Researchers have developed an end-to-end drug discovery pipeline for malaria by using the next generation artificial intelligence (AI).
Malaria is one of the oldest infectious diseases that still causes a lot of health problems in many tropical countries, according to the research published in the journal Scientific Reports.
Plasmodium falciparum, the most dangerous human malaria parasite, is about half a million deaths a year, said researchers from Insilico Medicine Taiwan.
Plasmodium falciparum causes malaria in humans by destroying human hemoglobin through falcipain-2 (FP2).
Inhibitors of FP2 block hemoglobin destruction and parasite development, suggesting that FP2 inhibition promises a target for antimalarial therapy, researchers said.
The control of malaria has been protected by increasing resistance of malaria parasites to available drugs, they said.
New antimalarial drugs, ideal directed against new targets, are urgently needed.

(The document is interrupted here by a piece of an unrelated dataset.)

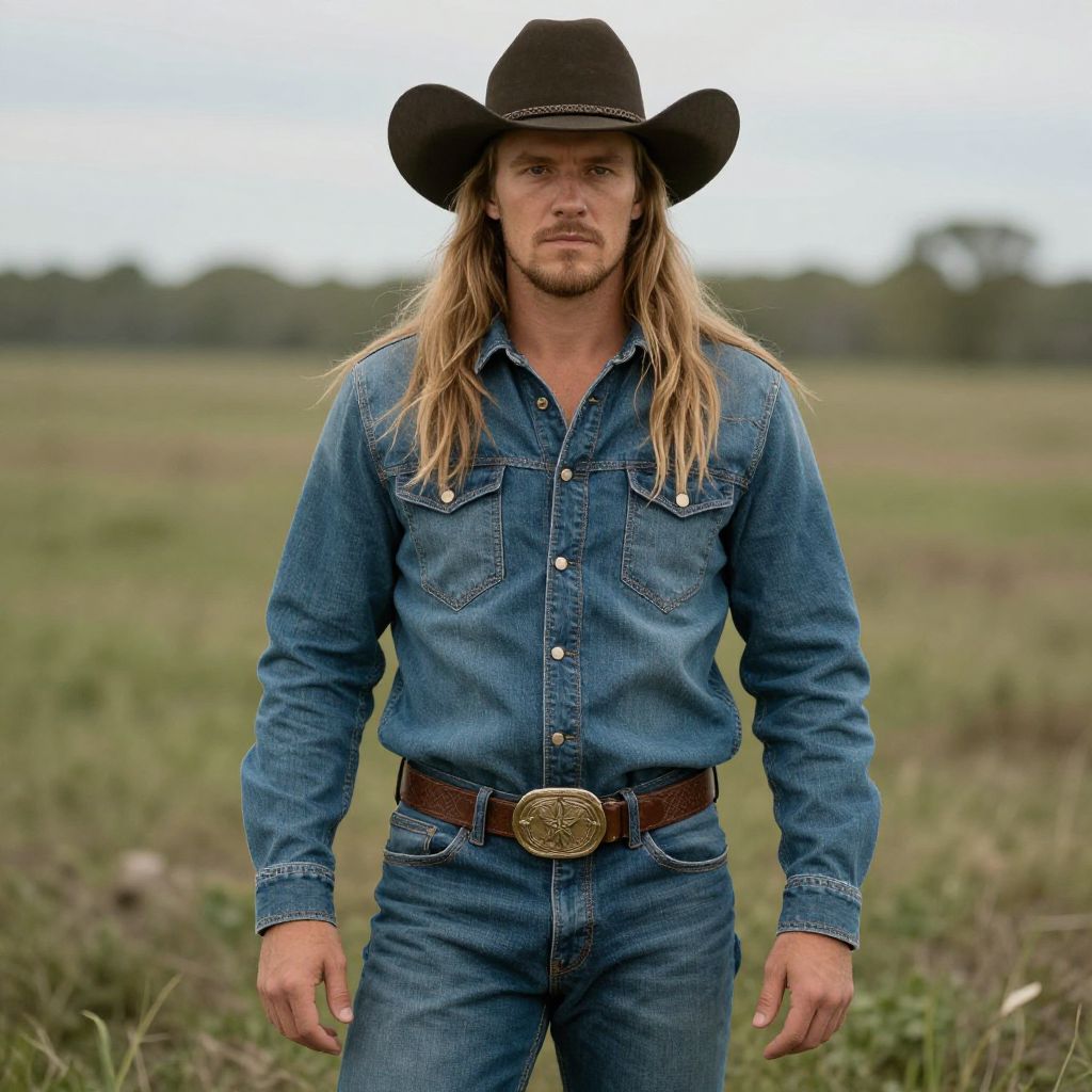 Man with long blonde hair wearing a cowboy hat and jeans.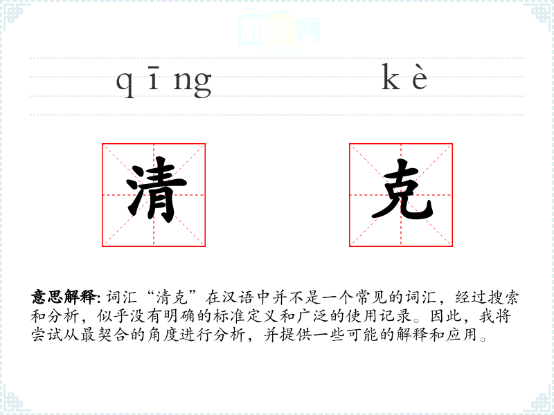 由于“清克”不是一个标准词汇,我们可以尝试从字面意思来解释:

To encounter this challenge, researchers from Insilico Taiwan have extensively studied the mechanisms by which the protease inhibitors E64 approaches, interacts with, and inhibits FP2.
The effectiveness of E64, the mechanism of action, makes E64 and its derivatives a potential cause for treating diseases with high levels of cysteine proteases as a primary cause.
Results of the study have shown that the pocket of FP2 is located at the center of FP2.
This suggests that the antimalarial drug design that is not only a finding drug candidates is tight, but also consider the need for a drug candidate to be able to be able to be able to be banned. .
"Insilico Taiwan is happy to present the work on malaria, which can potentially help save millions of lives," said Artur Kadurin, CEO of Insilico Medicine in Taiwan.
Results of the study confirm that E64 is able to inhibit FP2, and that the factors of E64 are extremely favorable.